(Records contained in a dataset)
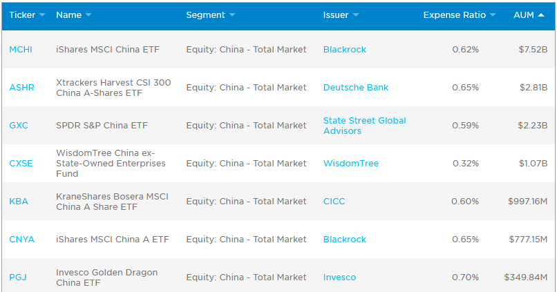 Существуют также способы вложиться в отдельные направления китайского рынка, например:
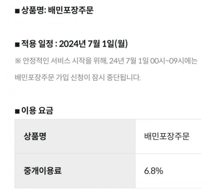 | 배달의 민족 | 6.8% | 24.7월부터 신규회원 적용 (기존회원은 25.4월부터) |
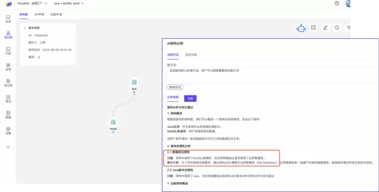 AI-CloudOS 内置企业架构规则库,可对生成的架构方案进行全维度 AI 分析,输出专业的分析报告与可落地的优化建议。
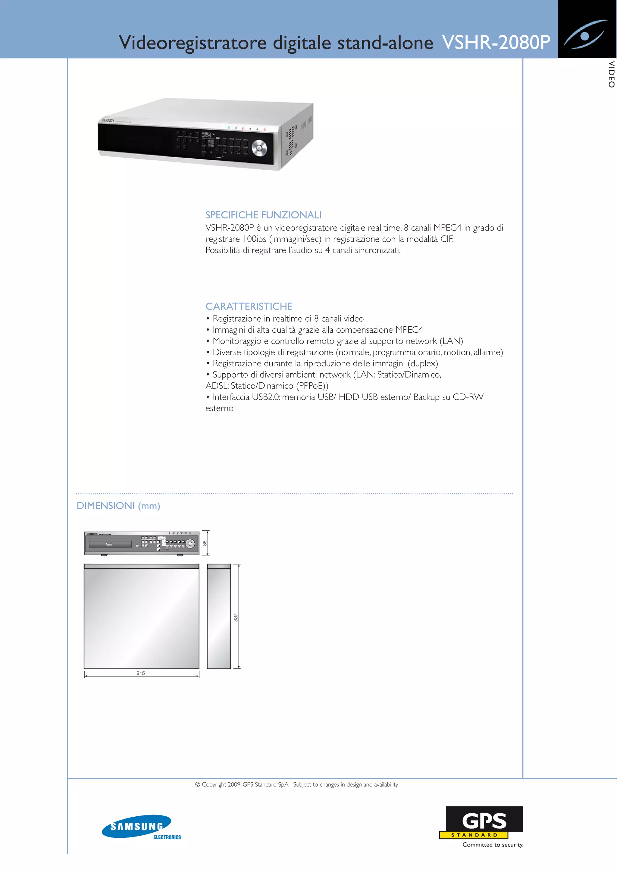 Il VSHR-2080P è un videoregistratore digitale stand-alone che supporta la registrazione in tempo reale di 8 canali video MPEG4 con una qualità delle immagini elevata, offrendo diverse modalità di registrazione e monitoraggio remoto. È dotato di funzionalità audio e supporta connessioni di rete multiple, oltre a un'interfaccia USB per backup e archiviazione. Il sistema ha una memoria interna di base di 250GB, espandibile fino a 1TB, e varie opzioni di ricerca e riproduzione.
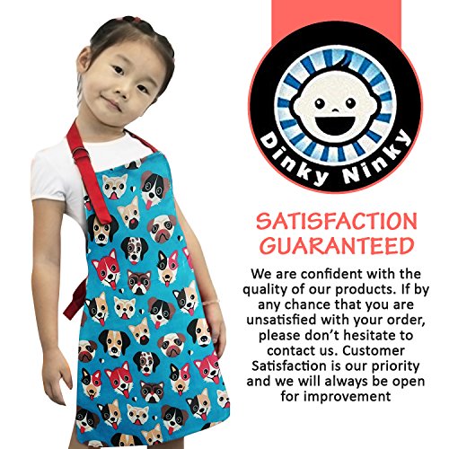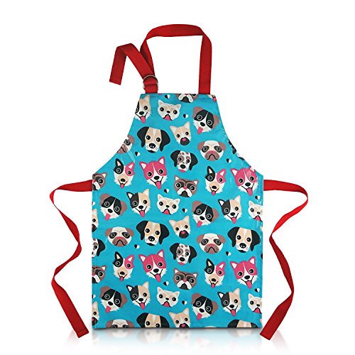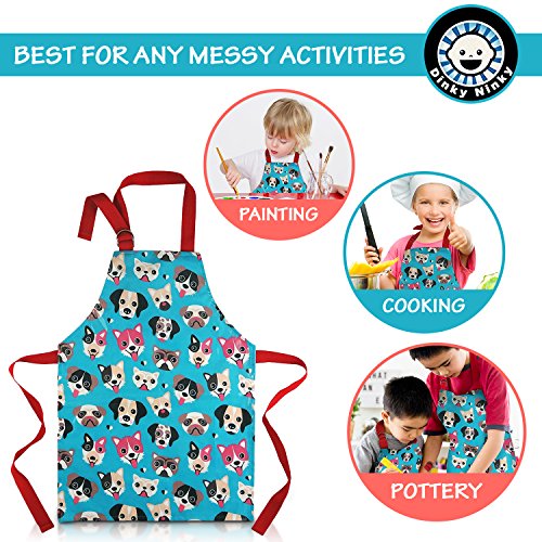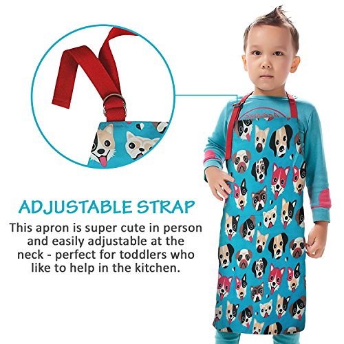 Cute Apron for Toddler - Waterproof PVC Pinny Printed in Unique Fun Dog Print for Little Cooks and Artists Age 2- 4 (small, blue)

What the task asks: In the records above, find the line that contains "AI-CloudOS 内置企业架构规则库,可对生成的架构方案进行全维度 AI" and retype it and all lines after it exactly, leaving out any pictures.

Result:
 AI-CloudOS 内置企业架构规则库,可对生成的架构方案进行全维度 AI 分析,输出专业的分析报告与可落地的优化建议。
 Il VSHR-2080P è un videoregistratore digitale stand-alone che supporta la registrazione in tempo reale di 8 canali video MPEG4 con una qualità delle immagini elevata, offrendo diverse modalità di registrazione e monitoraggio remoto. È dotato di funzionalità audio e supporta connessioni di rete multiple, oltre a un'interfaccia USB per backup e archiviazione. Il sistema ha una memoria interna di base di 250GB, espandibile fino a 1TB, e varie opzioni di ricerca e riproduzione.
 Cute Apron for Toddler - Waterproof PVC Pinny Printed in Unique Fun Dog Print for Little Cooks and Artists Age 2- 4 (small, blue)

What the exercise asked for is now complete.